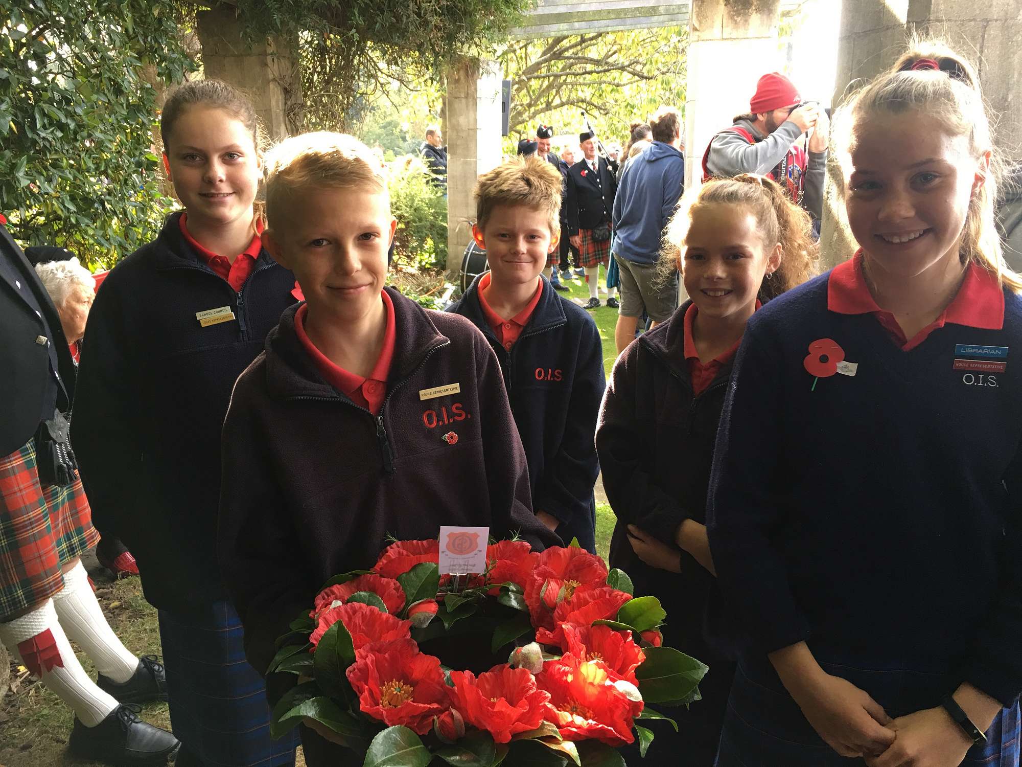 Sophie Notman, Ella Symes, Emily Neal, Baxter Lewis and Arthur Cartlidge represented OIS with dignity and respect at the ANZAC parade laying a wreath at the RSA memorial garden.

==

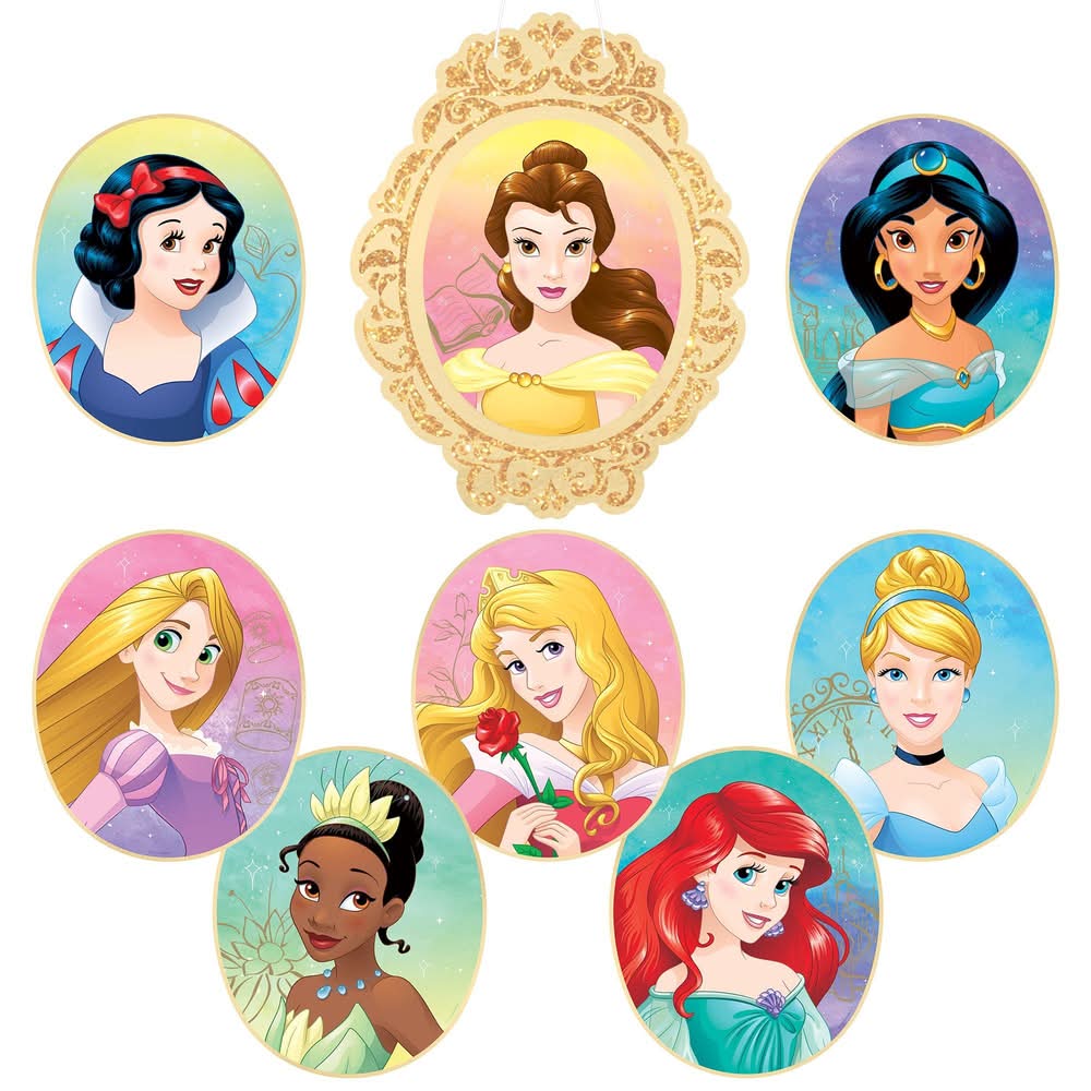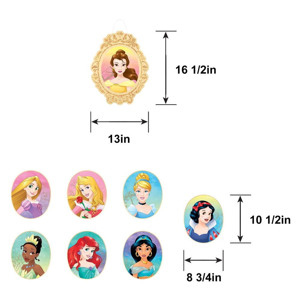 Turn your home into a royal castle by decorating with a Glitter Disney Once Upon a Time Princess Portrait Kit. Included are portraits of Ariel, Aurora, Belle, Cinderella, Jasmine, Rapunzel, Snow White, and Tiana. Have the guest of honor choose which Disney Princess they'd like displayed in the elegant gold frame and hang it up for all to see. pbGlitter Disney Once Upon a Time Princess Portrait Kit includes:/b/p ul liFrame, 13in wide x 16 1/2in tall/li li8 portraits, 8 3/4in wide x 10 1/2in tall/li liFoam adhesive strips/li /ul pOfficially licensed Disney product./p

* * *

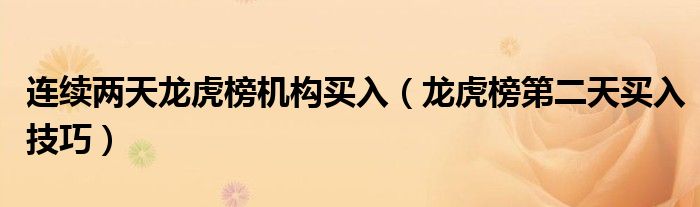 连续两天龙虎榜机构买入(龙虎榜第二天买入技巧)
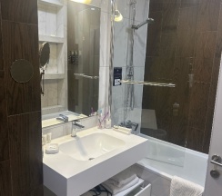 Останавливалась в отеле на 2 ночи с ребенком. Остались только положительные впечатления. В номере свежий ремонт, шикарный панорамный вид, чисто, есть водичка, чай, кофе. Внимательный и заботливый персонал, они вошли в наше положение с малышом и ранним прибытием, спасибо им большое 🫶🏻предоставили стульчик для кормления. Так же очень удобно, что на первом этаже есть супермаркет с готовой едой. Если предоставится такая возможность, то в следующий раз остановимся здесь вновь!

— About this exercise —
Take the material above from the line containing "连续两天龙虎榜机构买入(龙虎榜第二天买入技巧)" up to and including the line containing "Останавливалась в отеле" and retype it exactly, without any pictures.

— Response to the exercise —
 连续两天龙虎榜机构买入(龙虎榜第二天买入技巧)
 Останавливалась в отеле на 2 ночи с ребенком. Остались только положительные впечатления. В номере свежий ремонт, шикарный панорамный вид, чисто, есть водичка, чай, кофе. Внимательный и заботливый персонал, они вошли в наше положение с малышом и ранним прибытием, спасибо им большое 🫶🏻предоставили стульчик для кормления. Так же очень удобно, что на первом этаже есть супермаркет с готовой едой. Если предоставится такая возможность, то в следующий раз остановимся здесь вновь!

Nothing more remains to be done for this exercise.